2. Use `httpx` to check which JS files are still live:

cat js_urls.txt | httpx -status-code -content-type | grep "200"

3. Download all live JS files and search for endpoints and potential CSRF-related comments:

cat live_js.txt | while read url; do curl -s $url | grep -Eo "(/[a-zA-Z0-9/_-]{5,})|(CSRF|xsrf)" | sort -u; done

4. For Windows, you can use PowerShell:

$urls = Get-Content .\js_urls.txt
foreach ($url in $urls) {
(Invoke-WebRequest -Uri $url).Content | Select-String -Pattern "(/[a-zA-Z0-9/<em>-]{5,})|(CSRF|xsrf)" | ForEach-Object { $</em>.Matches.Value } | Sort-Object -Unique
}

What Undercode Say:

  • Key Takeaway 1: Client-side code is a treasure map. Never trust that JavaScript files are “just frontend code”; they are the blueprint to the server’s backend architecture and hidden attack surfaces.
  • Key Takeaway 2: CSRF is not dead. While frameworks often include built-in protections, custom implementations and misconfigurations leave applications vulnerable. The absence of a token in a request captured from the browser’s network tab is a red flag that warrants immediate manual investigation.

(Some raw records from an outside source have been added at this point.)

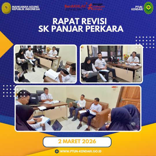 Pada hari Senin, tanggal 2 Maret 2026. Telah dilaksanakan Rapat Revisi SK Panjar Perkara. Dalam rapat ini dipimpin oleh Bapak Taufiq, S.H. (Panitera) dan diikuti oleh Panitera Muda Perkara, Panitera Pengganti, Jurusita Pengganti, dan staff bagian kepaniteraan muda perkara.
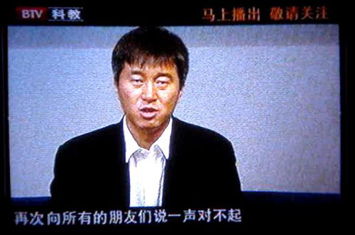 今天中午12時(shí),一個(gè)身穿黑色西服的蕭瑟背影出現(xiàn)在北京電視臺(tái)《法治進(jìn)行時(shí)》欄目中,因吸毒被拘留的歌星滿文軍首次向公眾道歉。記者看到滿文軍在道歉過(guò)程中多次說(shuō)到“我錯(cuò)了”,并表示今后將先做好人,再唱好歌。
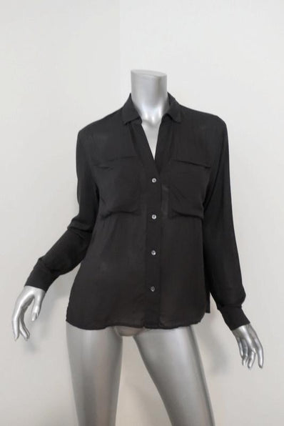 James Perse Relaxed Chiffon Shirt Charcoal Size 0 Long Sleeve Button D...

Analysis: This methodology underscores a fundamental shift in web application security auditing. The most severe vulnerabilities are often found not by blasting the server with payloads, but by patiently reading the application’s own source code. For defenders, this means implementing robust Content Security Policies to limit script sources, conducting regular reviews of exposed endpoints in JavaScript, and ensuring CSRF protection is applied universally and verified server-side. For bug bounty hunters, the ability to read and interpret JavaScript is no longer optional—it is the primary skill that separates script-kiddie scanning from professional-grade vulnerability discovery.

Prediction:

As single-page applications (SPAs) and frameworks like React, Vue, and Angular continue to dominate web development, the attack surface will shift further into the client. We predict a rise in “client-side CSRF” and API misuse vulnerabilities discovered specifically through JavaScript analysis. Consequently, automated security tools will evolve to include sophisticated JavaScript parsers and runtime analyzers, but the human ability to understand application logic from code will remain an indispensable skill for the foreseeable future.